UNCD-Based Electron Field Emission Source for Accelerator Applications ($150,000; in partnership with Euclid TechLabs, Gaithersburg, Md.)
Many of the synchrotron facilities around the world — which operate 24/7 — have very complicated and time-consuming procedures for replacing electron sources when they fail, making a long time between failures highly desirable. It is also highly desirable that these electron sources can consume less power, work for a longer duration and withstand variation in vacuum environment without reducing performance.
In this project, Argonne and Euclid TechLabs will develop an electron source based on field emission from nitrogen-incorporated ultrananocrystalline diamond, or (N)UNCD.
“This will greatly accelerate our efforts in developing robust, energy-efficient and economically viable electron sources for electron accelerators,” Sumant said.

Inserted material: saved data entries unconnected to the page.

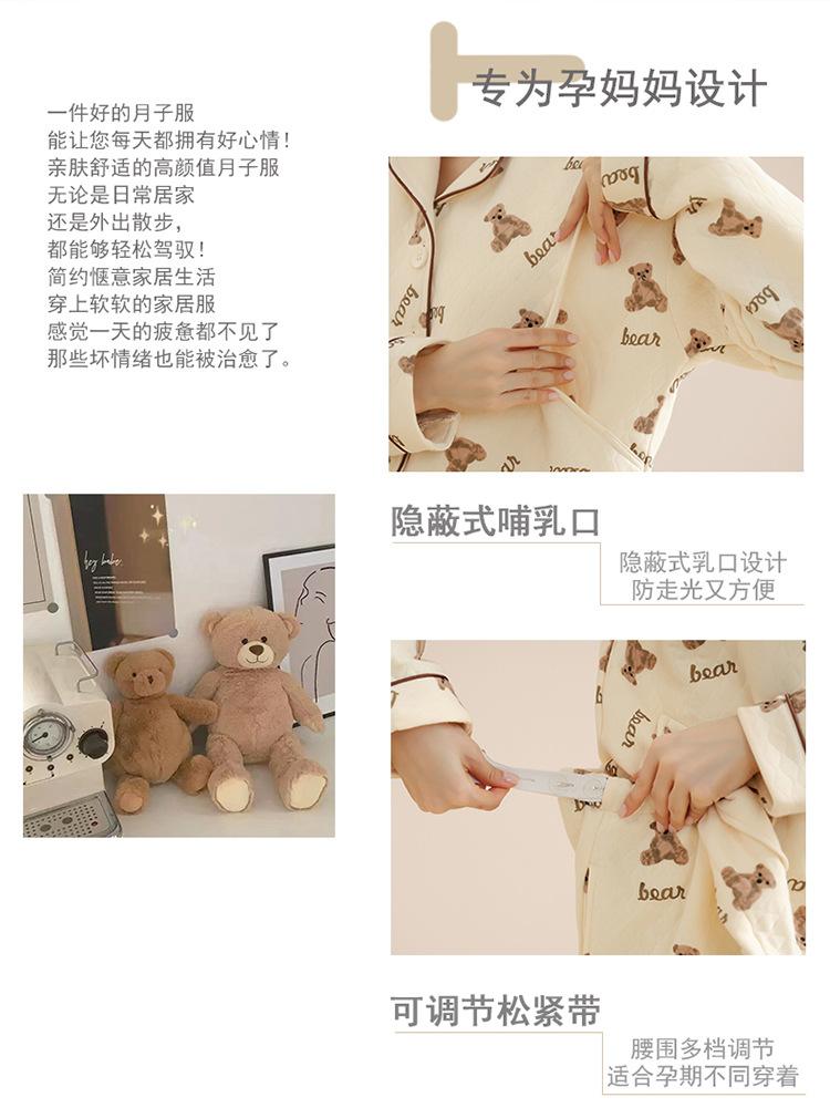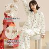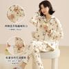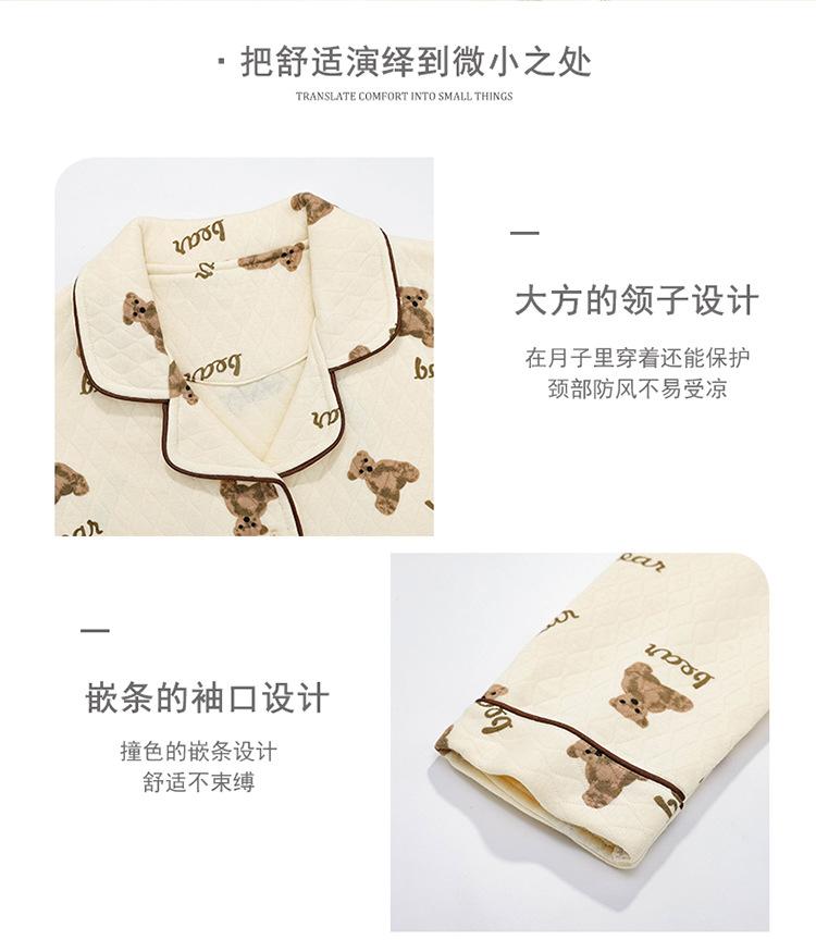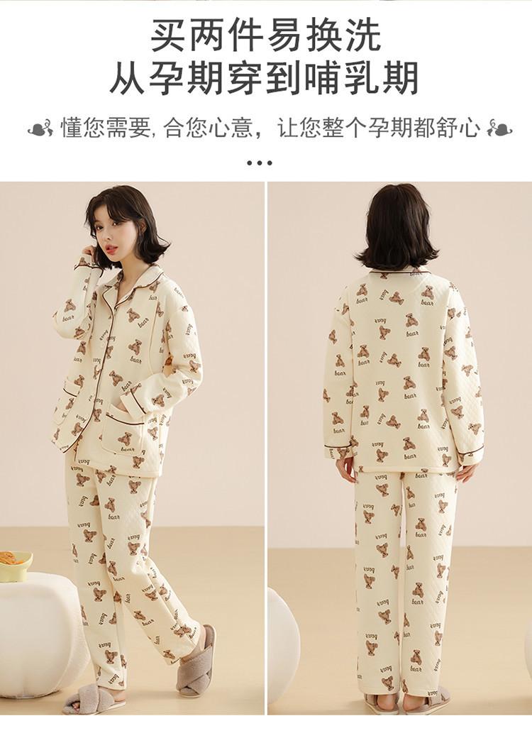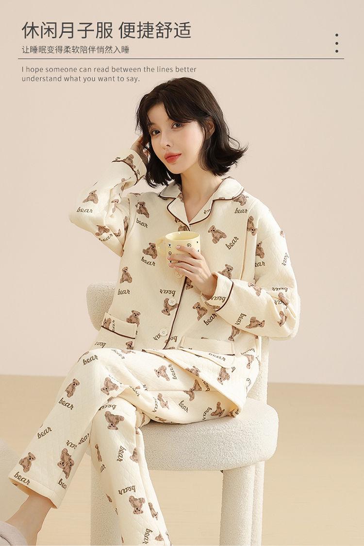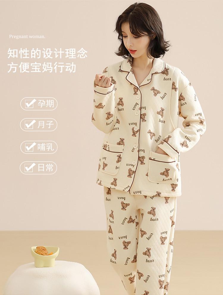 Ropa Mensual Pijamas Otoño e Invierno Algodón Puro Manga Larga Sándwich Engrosado Cálido Mujeres Embarazadas Postparto Lactancia Ropa de Casa Traje
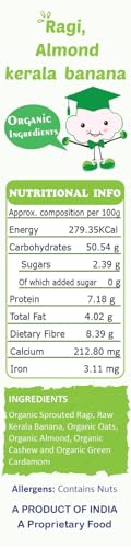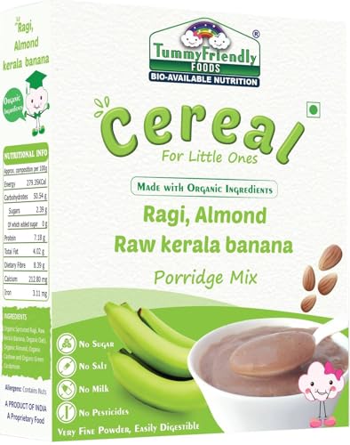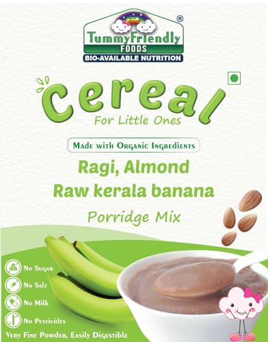 TummyFriendly Foods Organic Sprouted Ragi, Almonds, Raw Kerala Banana Porridge Mix | Made of Sprouted Ragi Powder | Available in Trial Baby Packs too | Shelf-life 9 month | 200g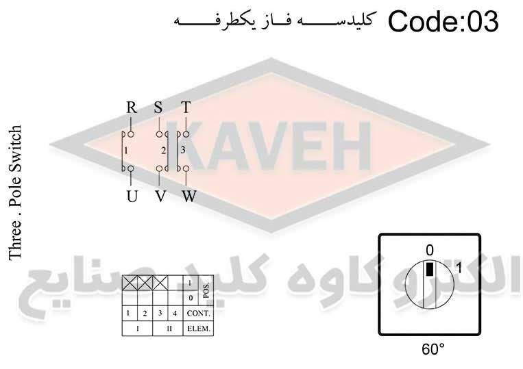 کلید گردان سه فاز یکطرفه 40 آمپر الکترو کاوه KA4003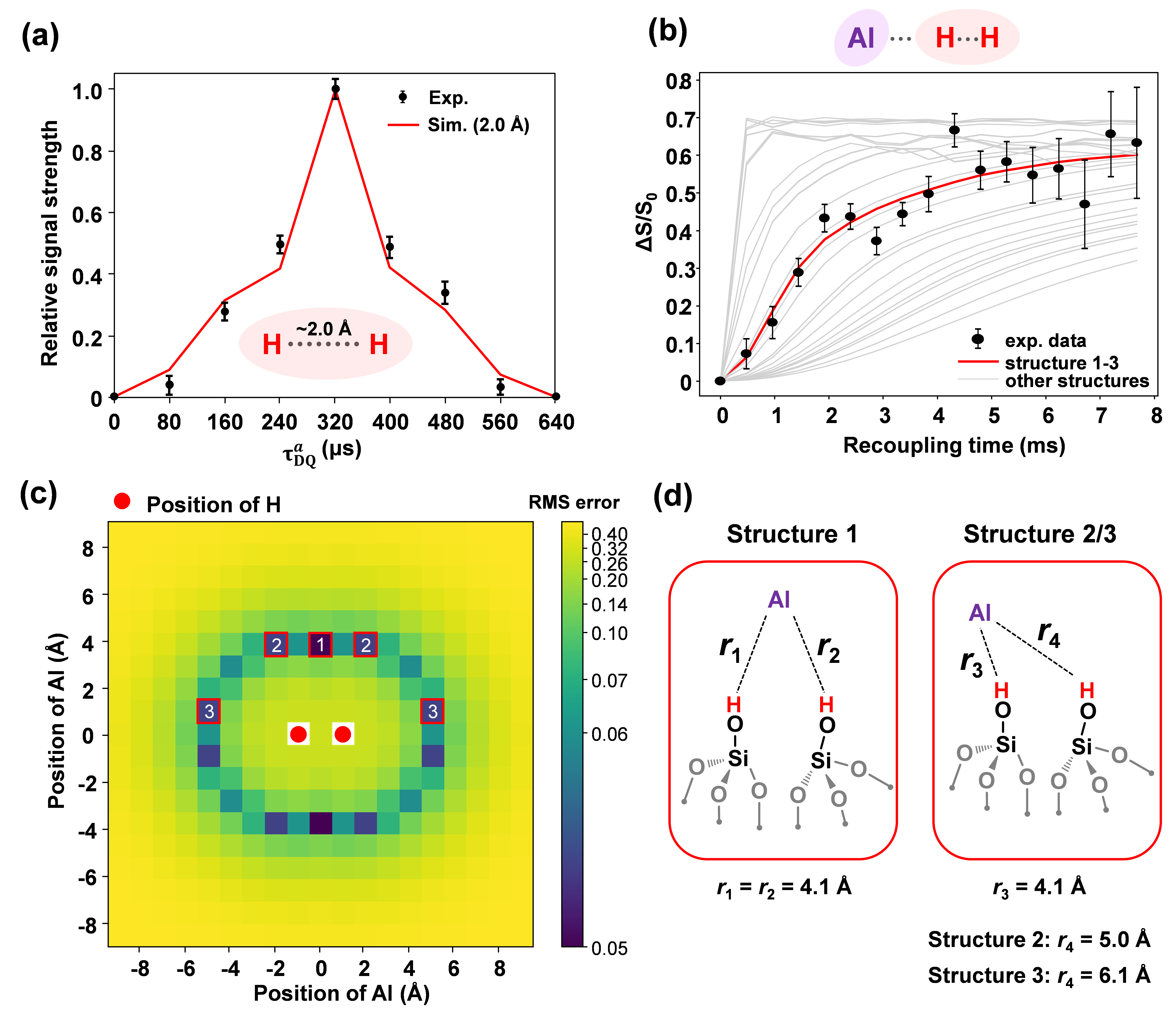 图2.  经水热处理的无定形氧化硅-氧化铝中“伪桥式羟基对”的核间距离测量;(a) 恒时演化1H-1H f-DQ/SQ 实验及拟合;(b) 1H-{27Al} S-RESPDOR实验及拟合; (c) 1H-{27Al} S-RESPDOR 实验数据与自旋动力学模拟结果的均方根误差;(d) 根据 NMR/DFT 结果提出的两种最可能的伪桥式羟基对结构模型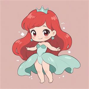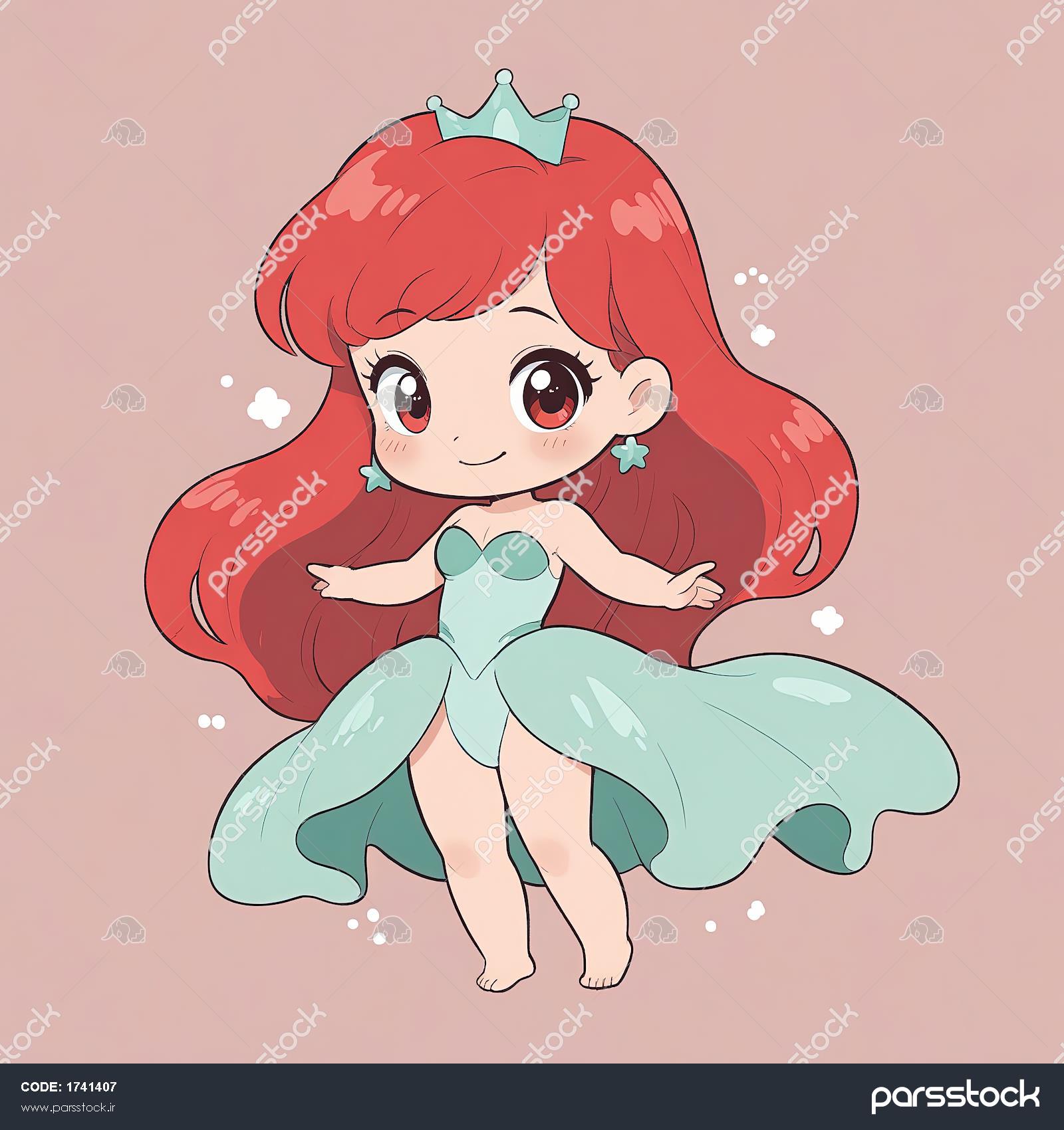 وکتور شاهزاده آریل گوگولی با تاج سبز و لباس پره‌ای برای محصولات چاپی کودک

“A great collateral aspect of this funding and development will be the commercial availability of UNCD-based electron sources for other high-value commercial applications, including electron microscopy and space propulsion systems,” said Beik, who manages the commercialization of this technology with outside partners. “We are currently exploring with other commercial partners the use of this technology for those applications.”